Creswick also says Titan now operates a 24 hour 1800 service number for customers.

Titan, which has been building vans for seven years, moved from Eagle Farm in March into larger premises at Burpengary earlier this year.

 

 

 

Dream Big Australia’s Jessica Kahl. Picture: Mark Cranitch
Dream Big Australia’s Jessica Kahl. Picture: Mark Cranitch

Jessica Kahl, 25,

 

Engineer, entrepreneur and gender equality advocate Jessica Kahl added a few more feathers to her cap in 2020.

The 25-year-old is the managing director and founder of Dream Big Australia, a not-for-profit organisation dedicated to encouraging more women to pursue careers in the traditionally male-dominated fields of STEAM (science, technology, engineering, arts and mathematics).

Last month Kahl won the $54,000 QBM Griffith MBA Responsible Leadership scholarship, which she hopes will enhance her ability to expand Dream Big Australia and spread her gender equality message.

Kahl, a chartered civil engineer who established Dream Big Australia in 2014 while completing her undergraduate degree, also recently took on the role of project manager corporate development at SunWater.

In collaboration with industry leaders, teachers and university academics, Dream Big Australia provides workshops and events as well as networking and mentoring opportunities to encourage more young women into STEAM professions.

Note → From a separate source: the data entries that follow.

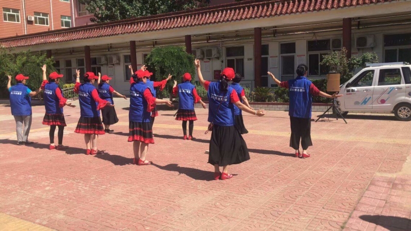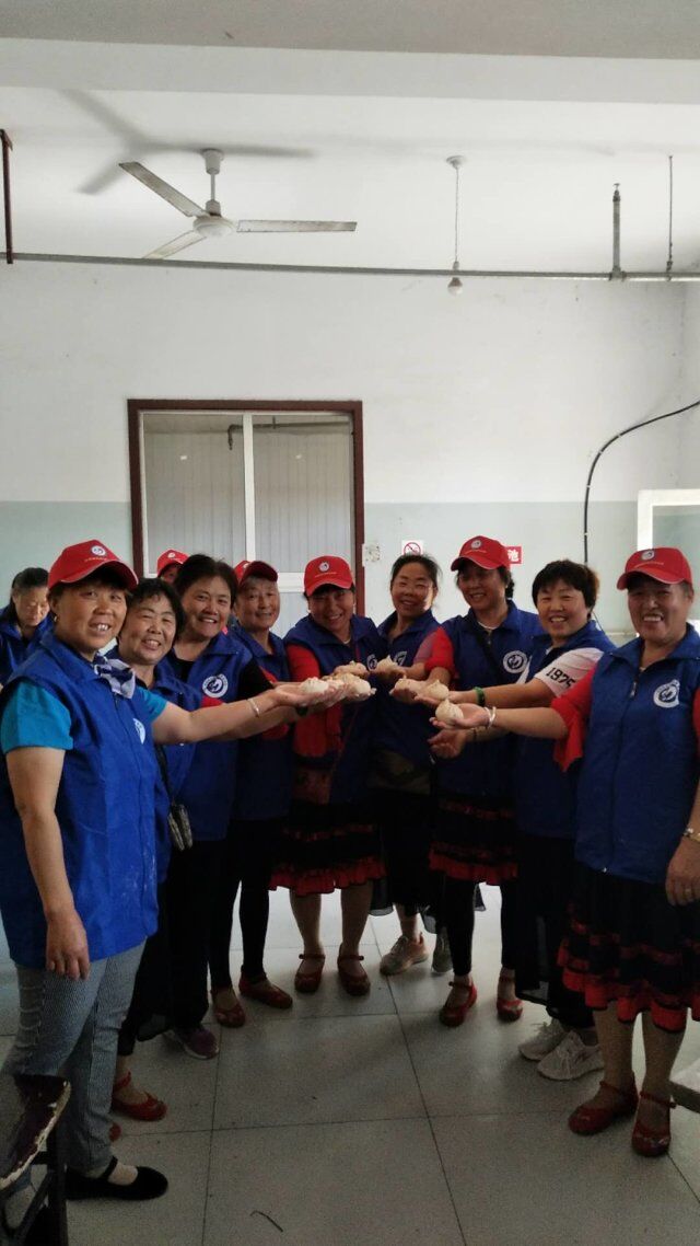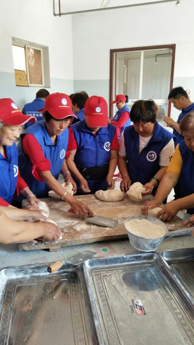 由蓝丝带志愿者协会会长艾红桥、副会长艾艳辉带领一组人员为老人们包包子,打扫卫生;理事会长杨宝洋负责全场活动主持,项目部部长张俊华负责文艺节目演出事项以及给老人们分发水果等公益活动
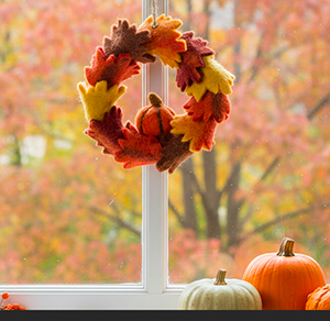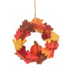Realizzata in belle foglie di feltro screziate in una serie di vibranti colori autunnali, ognuna delle mani cucita su una ghirlanda di filo avvolto in feltro, con una zucca in feltro perfettamente plumta appollaiata perfettamente al centro.
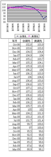 美國是一艘航空母艦,要轉彎沒那麼快。 台灣的領先指標回溫,是因為台灣的經濟跌的比美國兇,當然反彈就比較快。 台灣的領先指標起伏很大,相對的美國比較穩健。
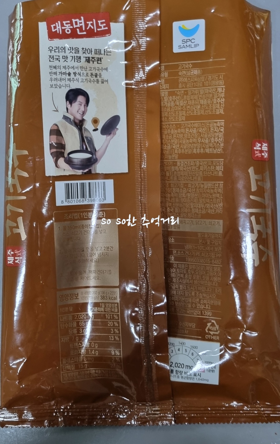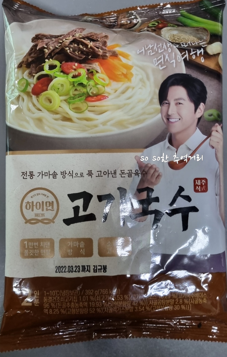 하이면 고기국수는 2인분이 들어있다. 총 내용량은 392g, 2인분 열량은 766kcal다.
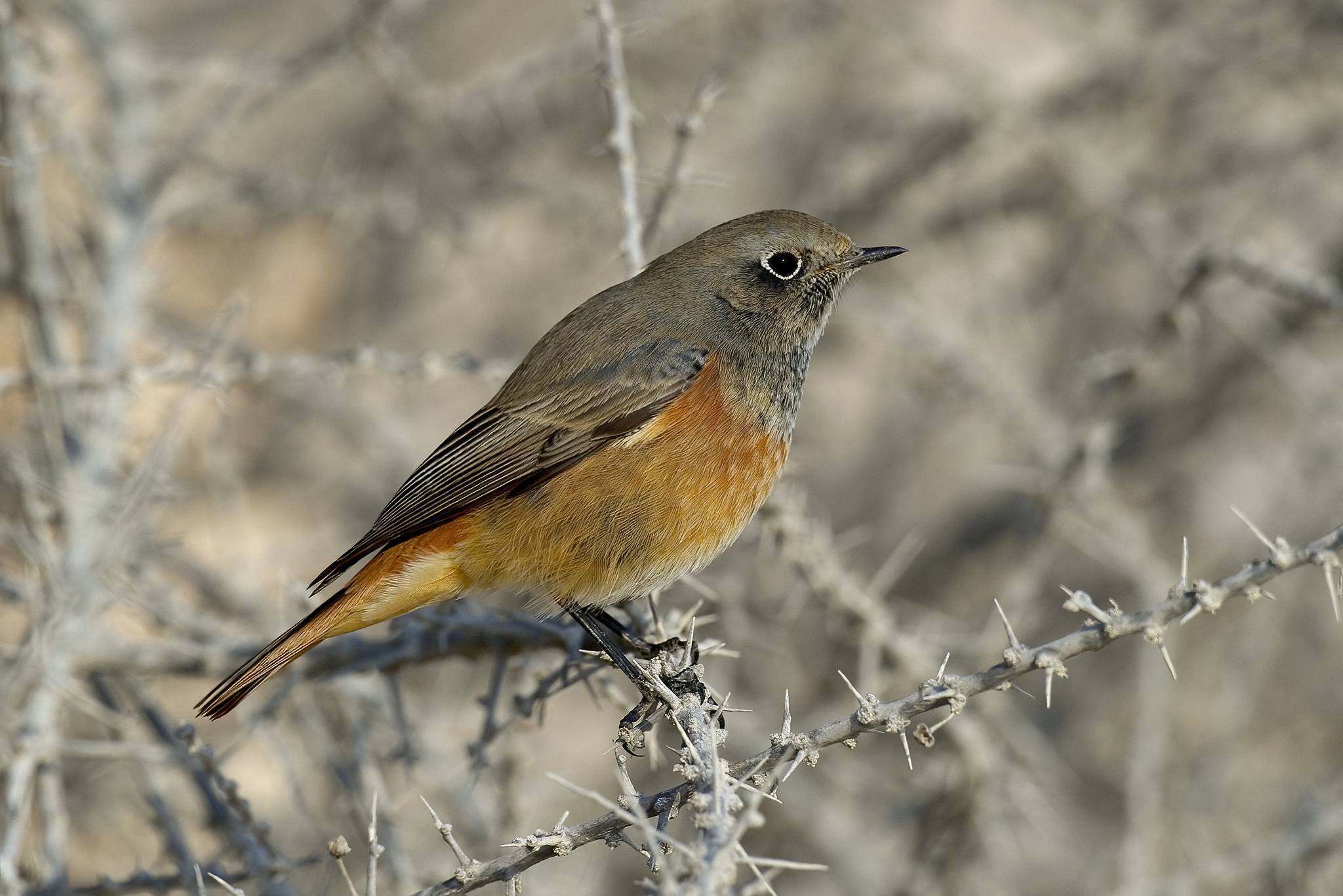 The Common Redstart is a migratory bird seen in Qatar during spring and autumn. While its migration overlaps with the Black Redstart, differences in appearance and behavior help distinguish the two species. Known for its striking plumage and unique tail movements, the Common Redstart is most active in Qatar during spring.
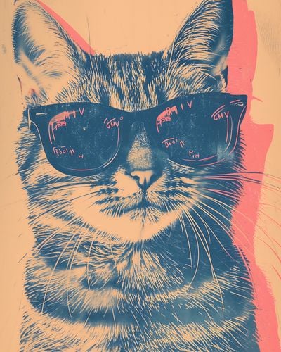 Plakat z serii abstrakcja zatytułowany Trendsetter. Na plakacie widzimy portret kota w stylowych okularach przeciwsłonecznych, z refleksami na soczewkach, które dodają mu tajemniczego uroku. Tło w odcieniach ciepłego różu i chłodnego niebieskiego nadaje kompozycji wibracyjny, niemal retro charakter. Grafika ta jest zabawnym, lecz wyrafinowanym akcentem dla każdego wnętrza, od domowego biura po salon. Idealny dla miłośników zwierząt i mody, a także jako lekki, humorystyczny element w przestrzeniach kreatywnych i galeriach sztuki.
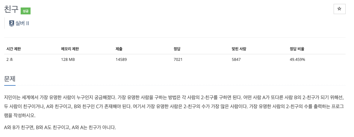 - 직접 친구이거나 친구의 친구(2-친구)까지를 포함해 가장 많은 친구 수를 가지는 사람을 찾아 그 수를 출력
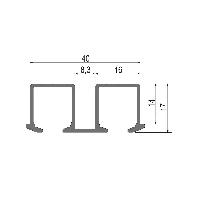 Aluminijumska dvokanalna gornja šina LV EP-04 se ukopava u plafon korpusa. Šina se koristi isključivo za LV EP 041 sistem za izradu lakih drvenih vrata. Završna obrada: Bronza mat eloksaža Al gornja šina je 6m dužine i prodaje se na 1,5m, 2m, 3m, 4m i 6m.
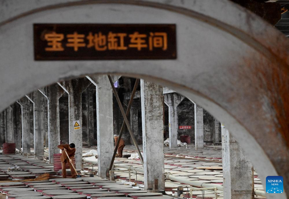 A worker is busy at a workshop of Baofeng Baijiu Co., LTD in Baofeng County, central China's Henan Province, Dec. 21, 2023. (Xinhua/Li An)
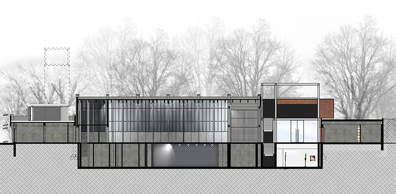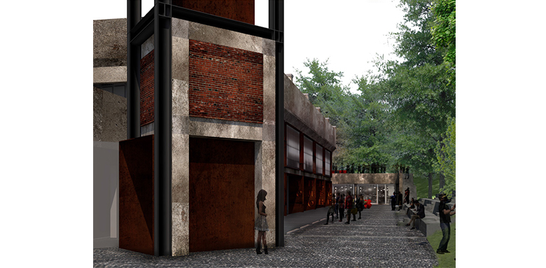 Основната идея на концепцията на проекта е да се запазят всички възможни конструктивни елементи. Запазени са повърхности с графити. Използват се стомана и леки индустриални материали. Новите пространства са кутии, поставени в съществуващата структура, докато структурните елементи само докосват съществуващата среда. Мобилните мебели осигуряват преконфигурируем интериор. Новият сутеренен етаж отговаря на кратките изисквания, като същевременно решава лошото състояние на долната конструкция на по-големия обем. Подът на по-малкия обем е повдигнат до нивото на входа. Всички пространства са многофункционални и лесно преконфигурируеми. Структурата се отваря както оптически, така и физически – вътрешните и външните пространства се сливат в едно пространство.

Kahl's impressive resume also includes being a short-listed nominee for the 2021 Young Australian of the Year Award, being named among the "100 engineers making a difference'' by Engineers Australia and speaking about the next generation of STEAM leaders at last year's World Engineers Convention in Melbourne.

"In my experience ... diversity within an organisation improves its ability to solve complex problems, collaborate and deliver innovative outcomes," Kahl says.